Вчера у нас обедал Бенедикт Лившиц. Я весь день редактировал Joseph'a Conrad'а1, так как денег нет ниоткуда, Клячко не едет, не везет гонорара за мои детские книги. Очень устал, лег в 7 часов, т. е. поступил очень невежливо по отношению к Лившицу, моему гостю. Проснулся внезапно, побежал посмотреть на часы; вижу: 12 часов ровно. Через минуты две после того, как я встал, грохнула пушка, зазвонили в церкви. Новый Год. Я снова засяду за Конрада,– вот только доем булочку, которую купил вчера у Бёца. 1922 год был ужасный год для меня, год всевозможных банкротств, провалов, унижений, обид и болезней. Я чувствовал, что черствею, перестаю верить в жизнь, и что единственное мое спасение – труд. И как я работал! Чего я только не делал! С тоскою, почти со слезами писал «Мойдодыра». Побитый – писал «Тараканище». Переделал совершенно, в корень свои некрасовские книжки, а также «Футуристов», «Уайльда», «Уитмэна». Основал «Современный Запад» – сам своей рукой написал почти всю Хронику 1‑го номера, доставал для него газеты, журналы – перевел «Королей и капусту», перевел Синга,– о, сколько энергии, даром истраченной, без цели, без плана! И ни одного друга! Даже просто ни одного доброжелателя! Всюду когти, зубы, клыки, рога! И все же я почему‑то люблю 1922 год. Я привязался в этом году к Мурке, меня не так мучили бессонницы, я стал работать с большей легкостью – спасибо старому году! Сейчас, напр., я сижу один и встречаю новый год с пером в руке, но не горюю: мне мое перо очень дорого – лампа, чернильница,– и сейчас на столе у меня моя милая «Энциклопедия Британника», которую я так нежно люблю. Сколько знаний она мне дала, как она успокоительна и ласкова. Ну, пора мне приниматься за Синга, нужно же наконец написать о нем статью!

_________

Вот что такое 40 лет: когда ко мне приходит какой‑нибудь человек, я жду, чтоб он скорее ушел. Никакого любопытства к людям. Я ведь прежде был как щенок: каждого прохожего обнюхать и возле каждой тумбы поднять ногу.

_________

Вот что такое дети, большая семья: никогда на столе не улежит карандаш, исчезает как в яму, и всегда кто‑нб. что‑нибудь теряет: «дети, не видали ножниц?», «Папа, где моя ленточка?», «Коля, ты взял мою резинку?»

 

2 января 1923. Мурка стоит и «читает». Со страшной энергией в течение двух часов:

Ума няу, ýма няу, ума няу, уманя

перелистывает книгу, и если ей иногда попадется под руку слово , вставляет и его в эту схему, не нарушая ее. Раньше ритм, потом образ и мысль. <...>

 

5 янв. Человек рождается, чтобы износить четыре детских пальто и от шести до семи «взрослых». 10 костюмов – вот и весь человек. Вчера получил телеграмму из Студ. Худ. Театра: переменить «Плэйбоя» на «героя». Вчера к вечеру я сказал Мурке, что она – кошечка. Она вскочила с необыкн. энергией, кинулась на пол, схватила что‑то и в рот. «Митю ам!» (Мышку съем.) Так она делала раз 50. Остановить ее не было возможности. Она только твердила как безумная: «Еще де митя?» (где еще мышь) – и торопливо, торопливо, в большом возбуждении хватала, хватала, хватала. Это испугало меня (самый темп был страшен). Я сказал: кошка отдыхает, спит. <...> Я пробовал показать ей картинки. Я – мяу! – закричала она.

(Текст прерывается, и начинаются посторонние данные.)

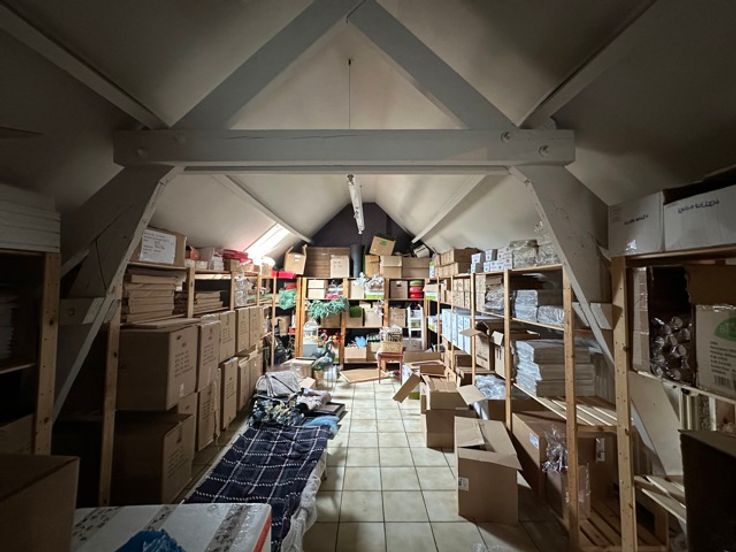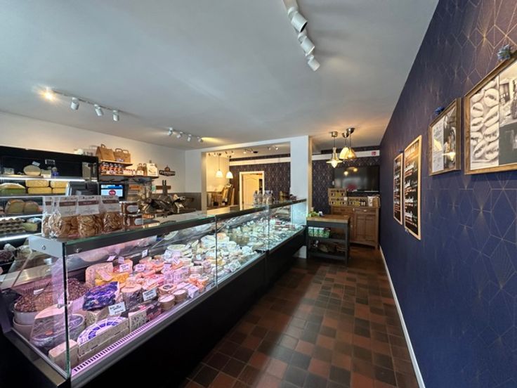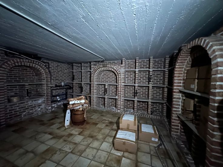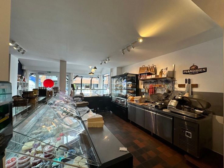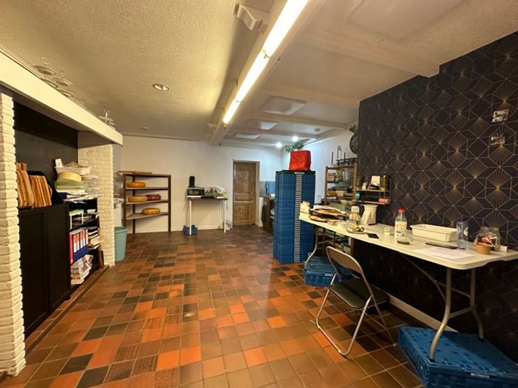 Indeling: winkelruimte , keuken of voorbereidingsruimte, toegang naar de open gewelfde kelder (voorheen wijnkelder),

Вчера весь день сидел в Канцелярии Публ. Б‑ки, отыскивал в «Acade [нрзб]» рецензии о Syng'e.

 

6 янв., ровно 3 часа ночи. Сочельник. Встал, чтобы снова написать о Синге. Принимаюсь писать третий раз, все не удается. Напишу и бракую. <...>

 

8 янв. Был у Кони. Он выпивал мою кровь по капле, рассказывая мне анекдоты, которые рассказывал уже раз пять. И все клонится к его возвеличению. Предложил мне написать его биографию – «так как я все же кое‑что сделал». Рассказал мне, как он облагодетельствовал проф. Осипова (которого я застал у него). Так как этот рассказ я слушал всего раза два, я слушал его с удовольствием. Новое было рассказано вот что: в одной своей статье о самоубийстве он приводит цитату из предсм. письма одного рабочего. Письмо написано в 1884 году. Рабочий пишет: «Худо стало жить и т. д.». Цензура потребовала, чтобы Кони прибавил: «худо стало жить при капиталистическом строе. Да здравствует коммуна!» Вчера ночью во «Всемирной» был пир. <...> Центр пьяной компании – Анненков. Он перебегал от столика к столику, и всюду, где он появлялся, гремело ура. Он напился раньше всех. Пьяный он приходит в восторженное состояние, и люди начинают ему страшно нравиться. <...> Он подводил к нашему столу то того, то другого, как будто он первый раз видит такое сокровище, и возглашал:

– Вот!

Даже Браудо подвел с такими одами, как будто Браудо по меньшей мере Лессинг. Какую‑то танцорку подвел со словами:

– Вот, Тальони! Замечательная! Чуковский, выпей с нею, поцелуйся, замечательная... Ты знаешь, кто это? Это Тальони, а это–Чуковский, замечательный. <...>

Второй замечательный персонаж был Щеголев. Он сидел в полутемном кабинете у Тихонова, огромный, серый, неподвижный, на спинке кресла у его плеча примостилась какая‑то декольтированная девица, справа тоже что‑то женское,– прямо Рубенс, Раблэ,– очень милый. А тут в отдалении где‑то его жена и сын, Павел Павлович. Михаил подошел ко мне и сказал: «В жизни все бывает, и у девушки муж помирает». Ни с того ни с сего.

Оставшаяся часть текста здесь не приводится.